# Work task:
Images do not belong in the copy. Set down all the entries exactly.

** Extracted records follows **

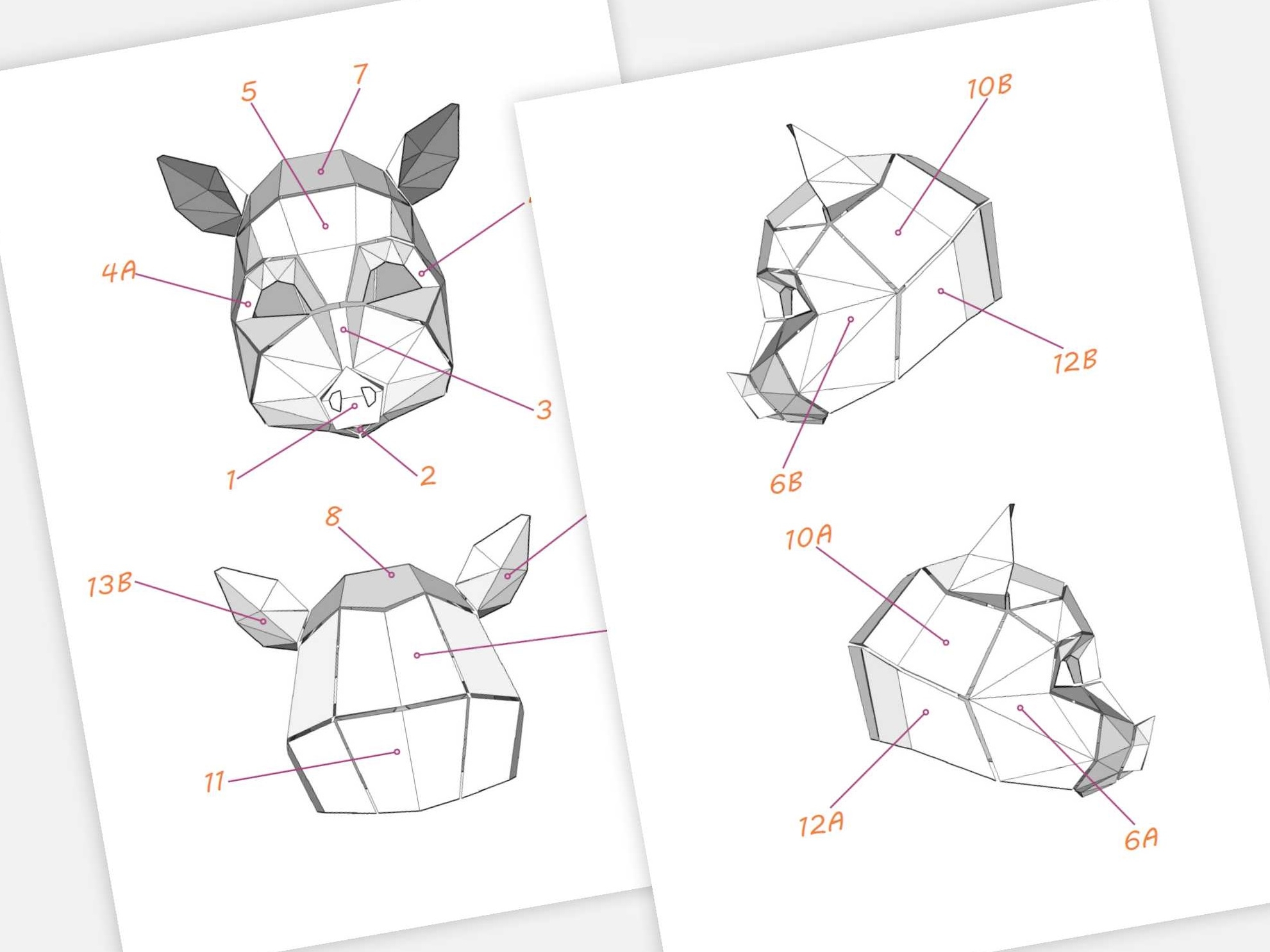 Pig Girl Mask PDF Template Polygonal Mask LACRAFTA
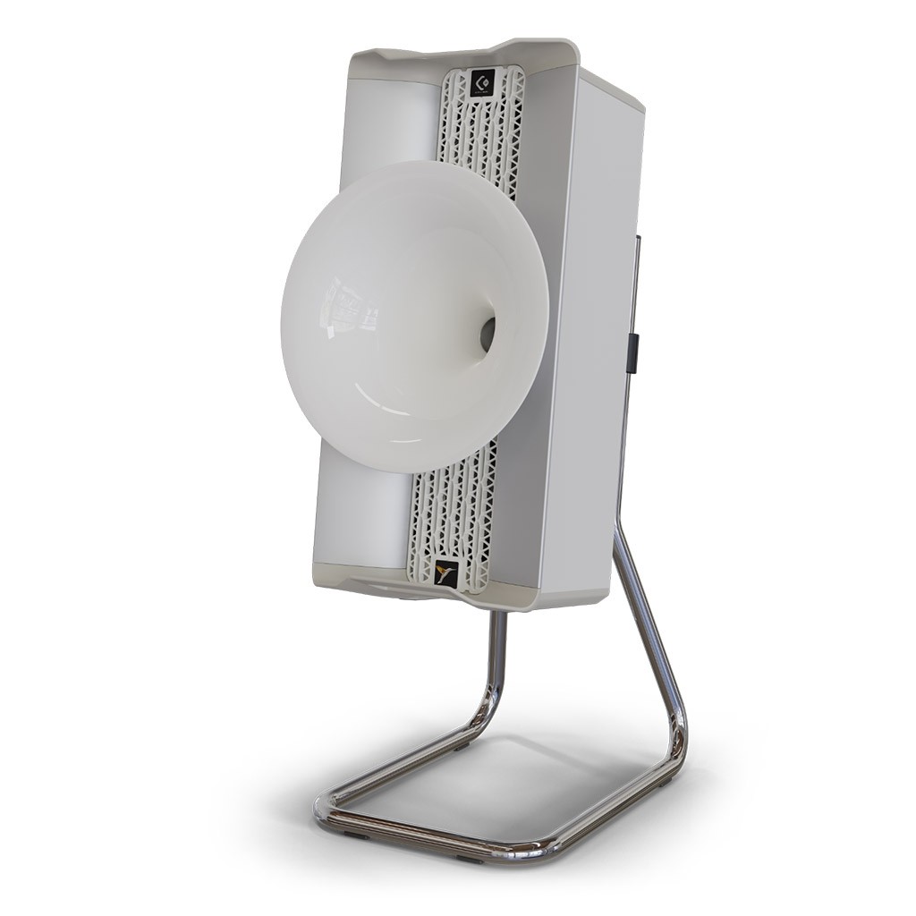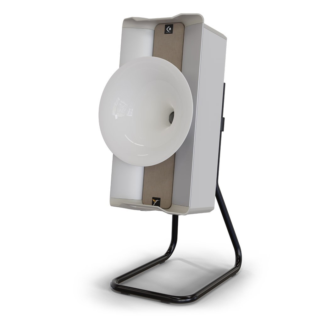 - finitura Grey-White: cabinet di colore bianco-grigio satinato, tromba sferica bianco laccata, top e base grigio satinato, gola della tromba in alluminio anodizzato argento, griglia ottagonale bianco laccata;
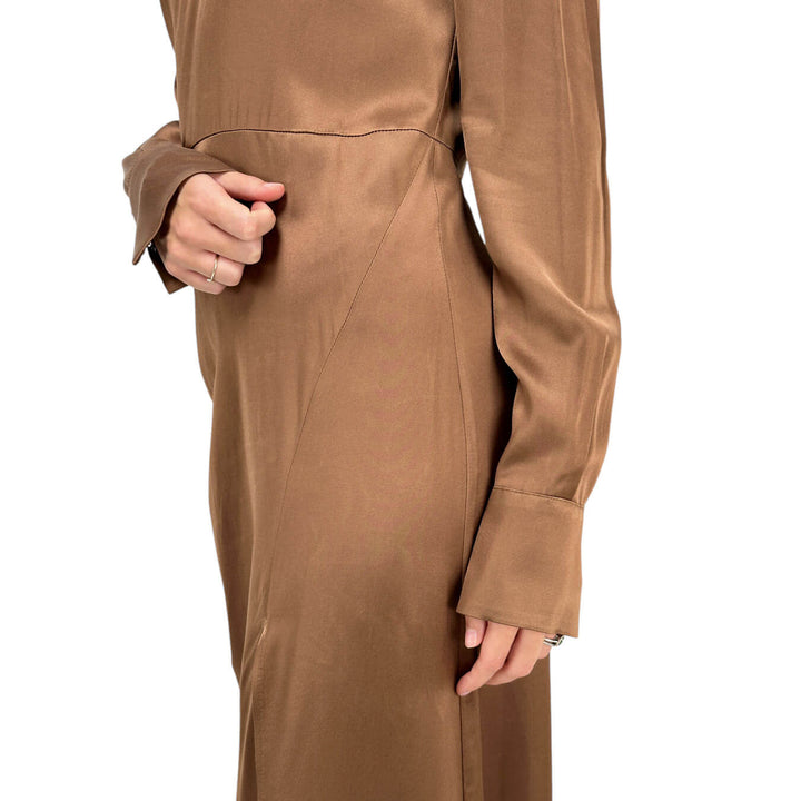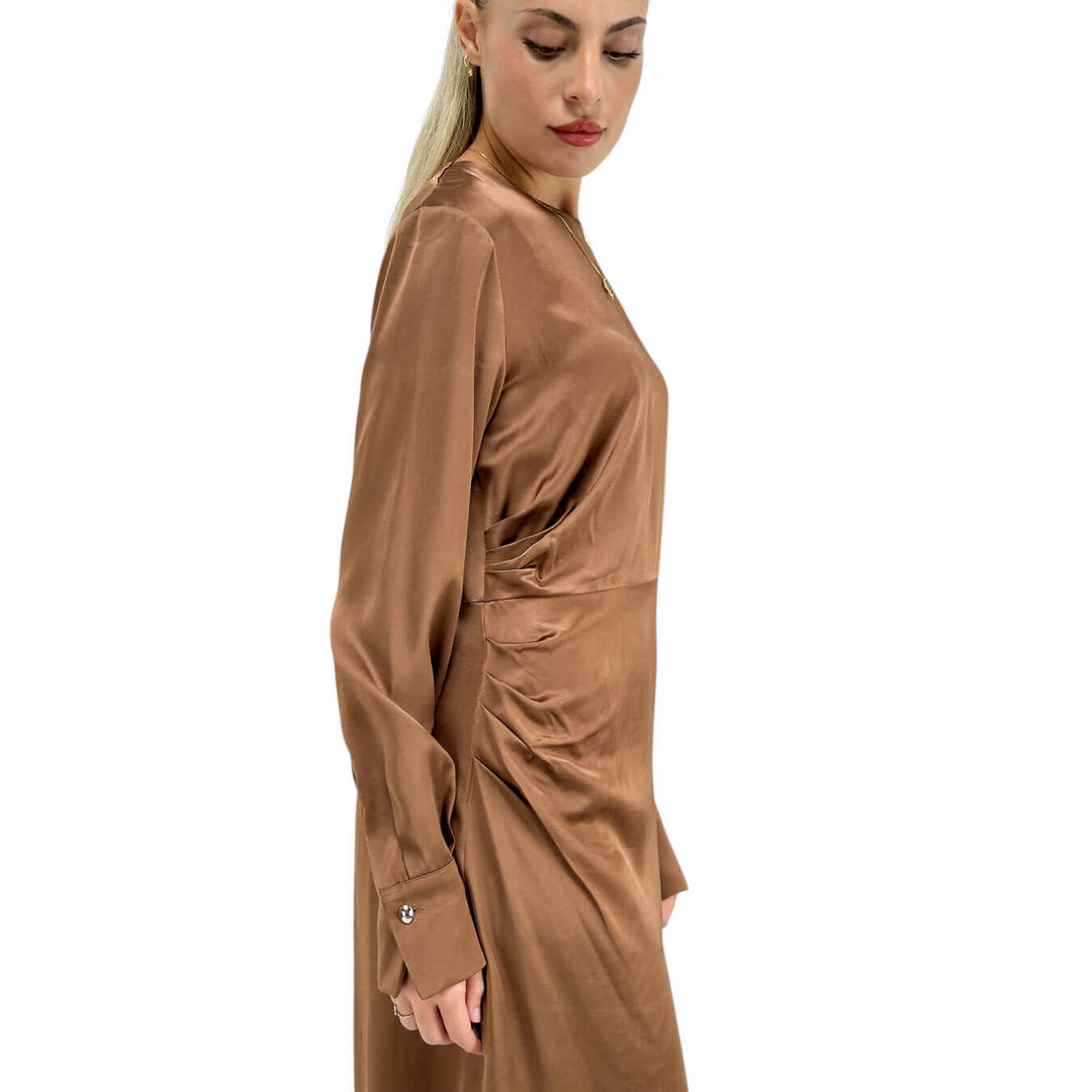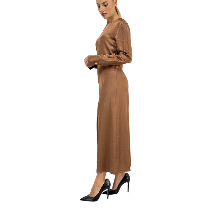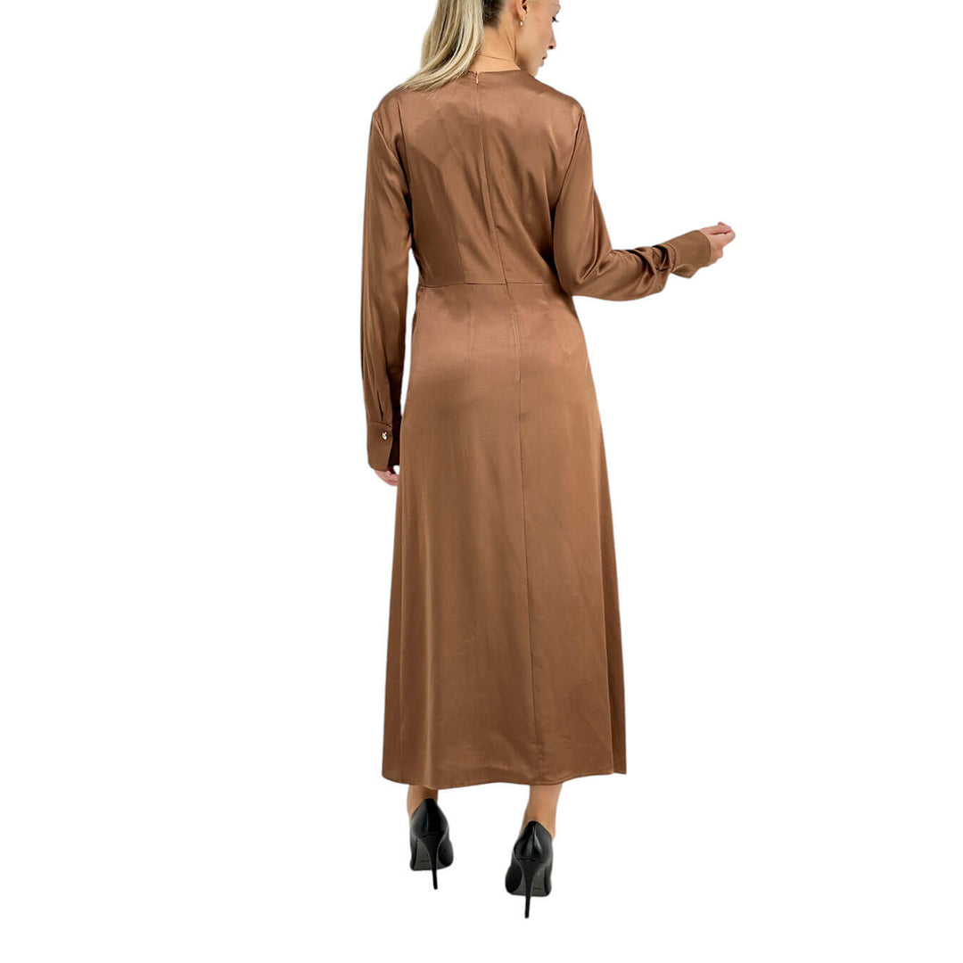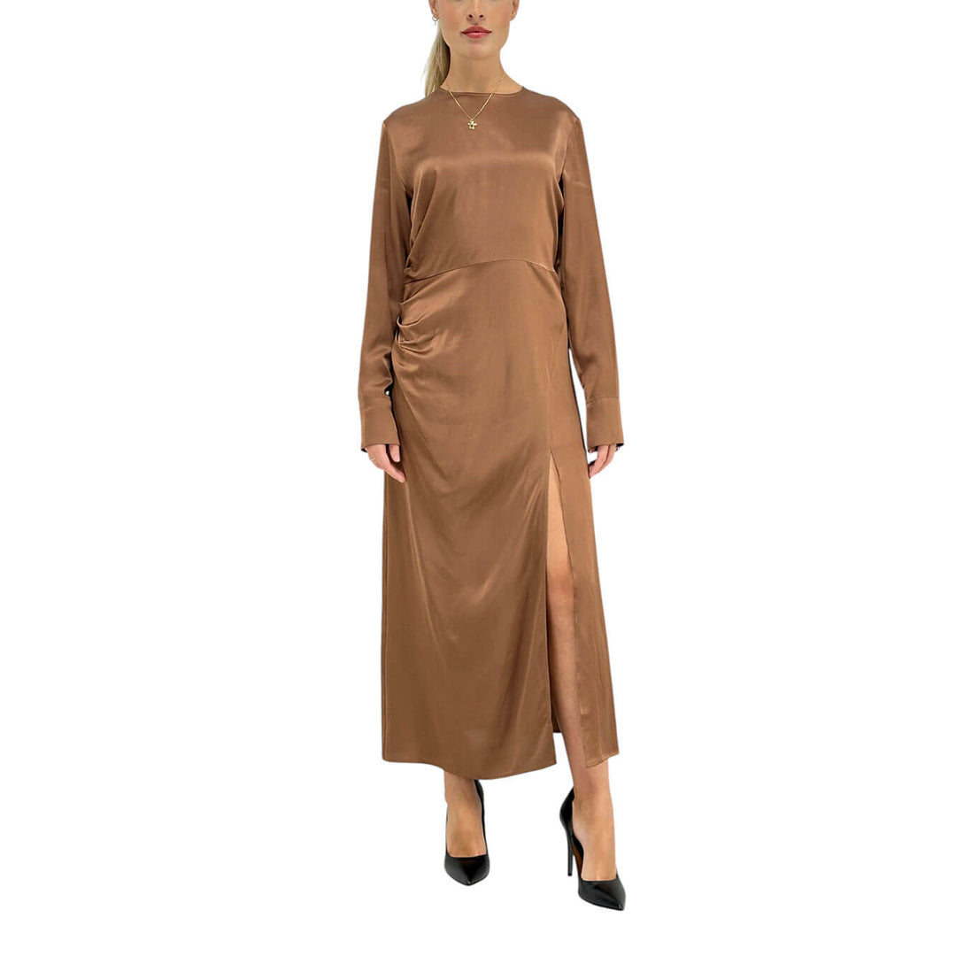 Ottod'ame abito lungo realizzato in morbido raso di viscosa, presenta un elegante scollo tondo e uno spacco frontale che valorizza la figura femminile. Colore Marrone. Composizione 100% viscosa.
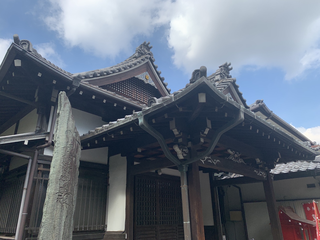 須賀神社の北側、女坂の石段の西側にあるレンガの山門のお寺です。
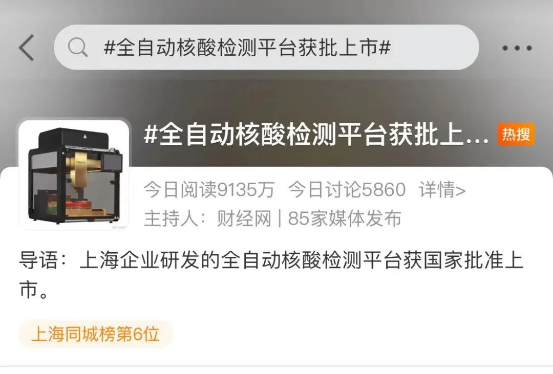 上海企业研发的全自动核酸检测平台获国家批准上市。
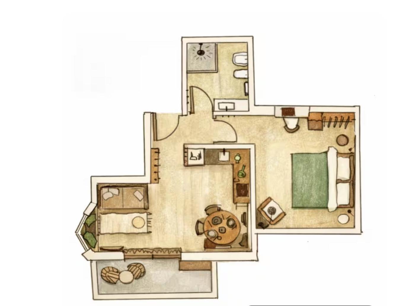 One-Bedroom Apartment. The air-conditioned apartment features 1 bedroom, 1 bathroom and a kitchen. The apartments kitchen is available for cooking and storing food. This apartment provides a flat-screen TV. The unit offers 3 beds. ;

** End of Extracted records **

# Exercise response:
 Pig Girl Mask PDF Template Polygonal Mask LACRAFTA
 - finitura Grey-White: cabinet di colore bianco-grigio satinato, tromba sferica bianco laccata, top e base grigio satinato, gola della tromba in alluminio anodizzato argento, griglia ottagonale bianco laccata;
 Ottod'ame abito lungo realizzato in morbido raso di viscosa, presenta un elegante scollo tondo e uno spacco frontale che valorizza la figura femminile. Colore Marrone. Composizione 100% viscosa.
 須賀神社の北側、女坂の石段の西側にあるレンガの山門のお寺です。
 上海企业研发的全自动核酸检测平台获国家批准上市。
 One-Bedroom Apartment. The air-conditioned apartment features 1 bedroom, 1 bathroom and a kitchen. The apartments kitchen is available for cooking and storing food. This apartment provides a flat-screen TV. The unit offers 3 beds. ;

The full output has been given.